Trading psychology plays a giant role in determining algo trading outcomes. 

You’d think nothing could be more cold and calculating than having algorithms execute buy and sell decisions.

Yet, every algorithm has human origins and is influenced, at least in part, by the prejudices and preferences of its creators.  

That’s not to say the human component in algo trading is all bad. It is only certain irrational aspects of our decision-making that can potentially upend the effectiveness of an otherwise perfect algo-trading strategy. 

That’s why it’s not unusual for even the most experienced algo traders to occasionally misread market trends, act on emotions, and incur losses.

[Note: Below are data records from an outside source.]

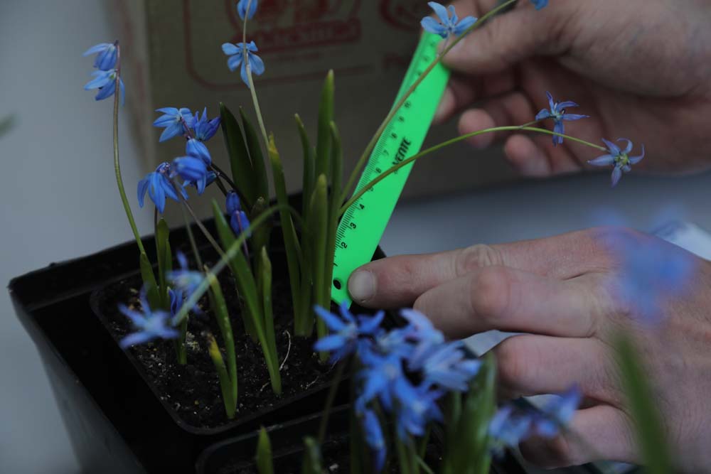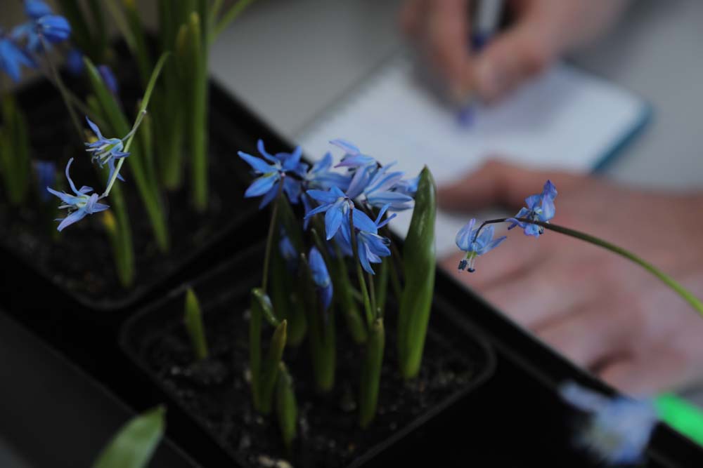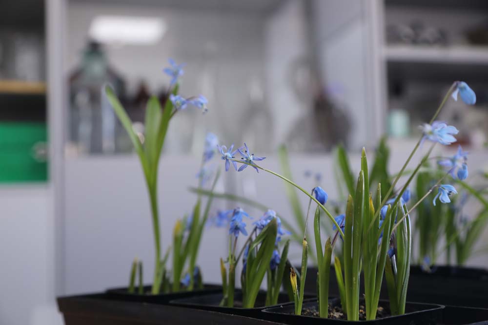 Директор института фармации, химии и биологии НИУ «БелГУ» Татьяна Глубшева показала распустившиеся первоцветы: сейчас в эксперименте выгонка пролески сибирской, которую некоторые ошибочно принимают за подснежник. Этот первоцвет, называемый также сциллой, цветёт в марте-апреле, радуя глаз всего несколько недель.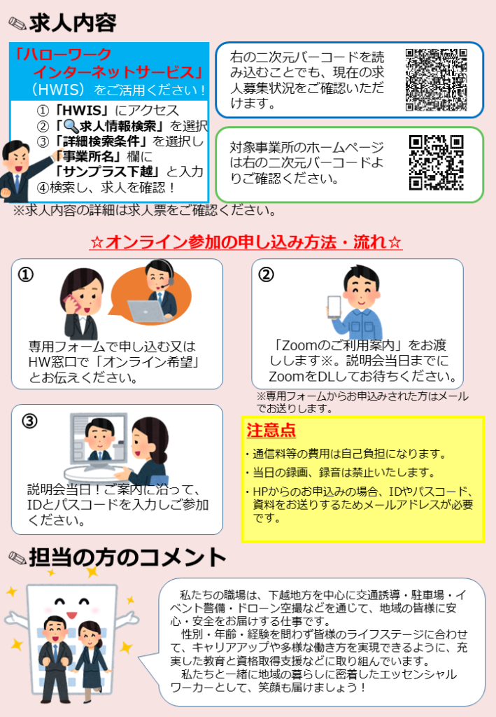 当日、ハローワークにお越し頂けない方は、オンラインでも参加できます。下記のリーフレットをご参考にお申込みください。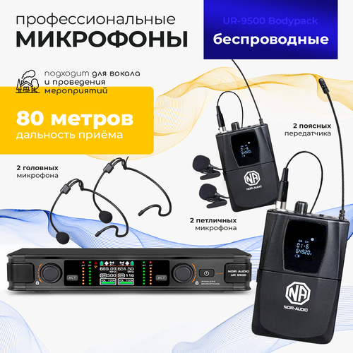Беспроводной микрофон NOIR-audio UR-9500 Bodypack для вокала, для караоке, для мероприятий c двумя головными и петличными радиомикрофонами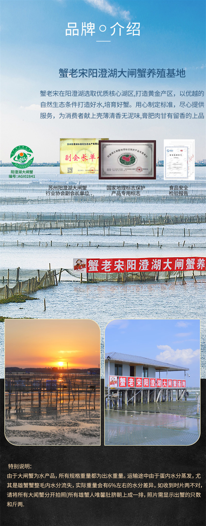 蟹老宋阳澄优礼大闸蟹券199型 6只(雄蟹3.0两/只 雌蟹2.0两/只)【包邮直发】(ZB)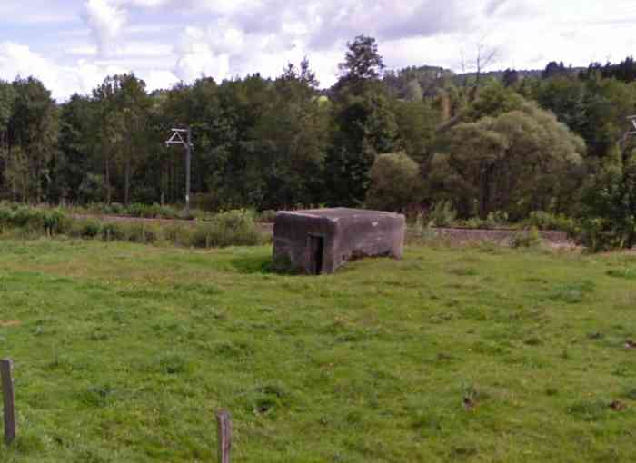 Belgian fortifications of the Second World War, fortified position of Liège, first line of resistance, southern end, advanced position of Trois-Ponts / Salm, S1 shelter of type PA model C, 323 m/asl, 3 men, 1 machine gun on Chardôme mount. Located between the railway line and the rue de Raines towards the hamlet of Bécharprez, it defends a south-south-east sector covering the railway line and partly the N68 road towards the Hostellerie des Linaigrettes. Stripped of its metal elements, it is structurally in good condition.

Read on to find out how a better understanding of cognitive biases can help you avoid such eventualities. 

What are Cognitive Biases?

Cognitive Biases in Algorithmic Trading

A cognitive bias is a glitch in human thought processing. These biases come into play whenever we allow our judgement and responses to be guided by subjective feelings, beliefs, or experiences.

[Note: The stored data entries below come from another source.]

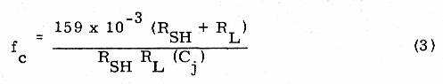 The frequency response of the PV photodiode in the terminated configuration of figure 7 is a combination of intrinsic photodiode response and the RC response time produced by the parallel combination of junction plus stray capacity and shunt plus load resistance. The intrinsic photodiode response is active area dependent and is approximately equal to 0.1 MHz-square cm. The cutoff frequency as controlled by the RC time constant is determined by Equation 3: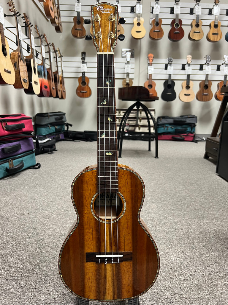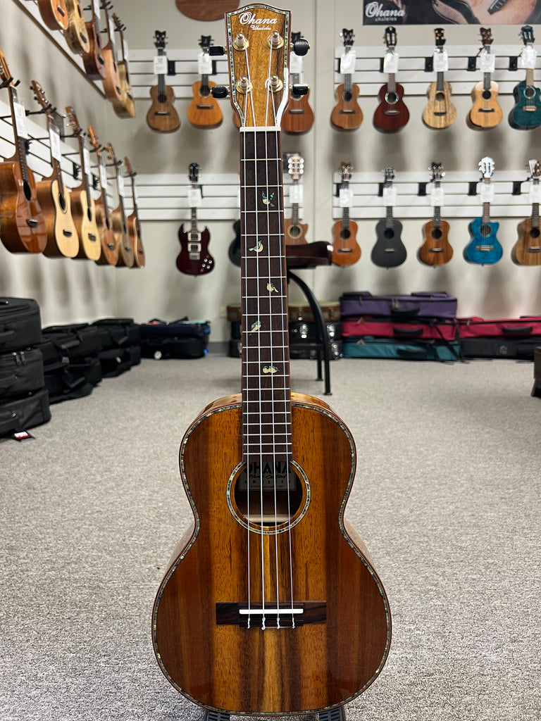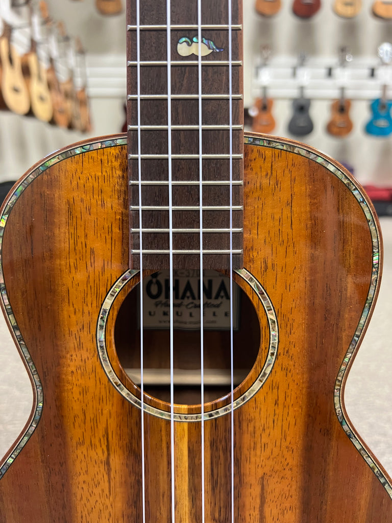 OHANA TK-370G Solid Koa Tenor Ukulele w/Case - Bird Inlays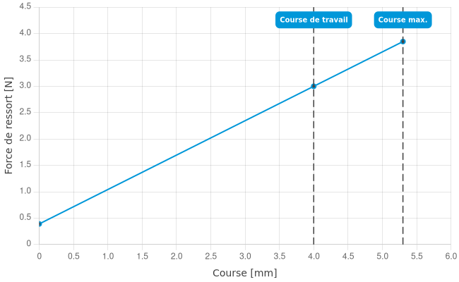 - Force de ressort en course de travail: 3 N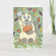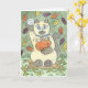 Inside verse: A sake toast to harvest time, This kitty makes it clear, Wishing you a lucky fall, And good fortune for all year. Artwork description on the back: A good luck wish for autumn. This lucky Siamese Maneki Neko is enjoying a relaxing sake break, with paw raised in a good luck toast amidst a flurry of colorful Autumn leaves. She is happily seated on her golden cushion and is holding a good fortune pumpkin for the occasion.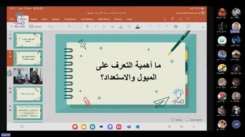 Siham chose to specialize in the field of psychological counseling, recognizing the importance of understanding the human psyche and how to interact with it. Today, she returned to us, offering advice and guidance to her new peers in Masarat initiative, thus continuing her journey of inspiration and humanity that she gained from you.

Think of them as an automatic filter engaged by the brain to oversimplify information in line with our assumptions and preferences. 

Here are a few everyday examples of cognitive bias that many of us may be subject to:

  • Assuming someone’s gender based on their profession. For instance, to think of all nurses as being female and all fighter pilots as being male. 

  • Attributing qualities based on age. For instance, thinking all senior citizens are out of touch, or children cannot be trusted with tools. 

  • Stereotyping based on outward appearance. For instance, considering the most smartly dressed real estate agent to be the most trustworthy.  

Cognitive biases can be innocuous and seem perfectly rational until they are put to the test.

They are benign in most cases and often ignored because we see many others thinking or acting the same way.

That’s not the case, however, in an algo trading environment, where cognitive biases can lead to major negative impacts.

Understanding Cognitive Biases in Algo Trading

Investing is a decision-intensive practice. Because we can be guided to a large extent by our personal beliefs and value systems, there’s a fair chance of having cognitive biases influence our algo trading decisions as well. 

It wouldn’t be wrong to say trading in general, and algo trading in particular, are uniquely susceptible to cognitive biases.

Traders are driven by their own set of expectations, beliefs, fears, and other psychological traits.

That can lead them to manipulate expectations, make flawed interpretations of trends, and force negative outcomes. 

It’s crucial, therefore, to make a conscious distinction between being insight-driven and being cognitively biased. 

Types of Cognitive Biases in Algo Trading

Cognitive bias is an umbrella term used to cover a wide range of psychological phenomena.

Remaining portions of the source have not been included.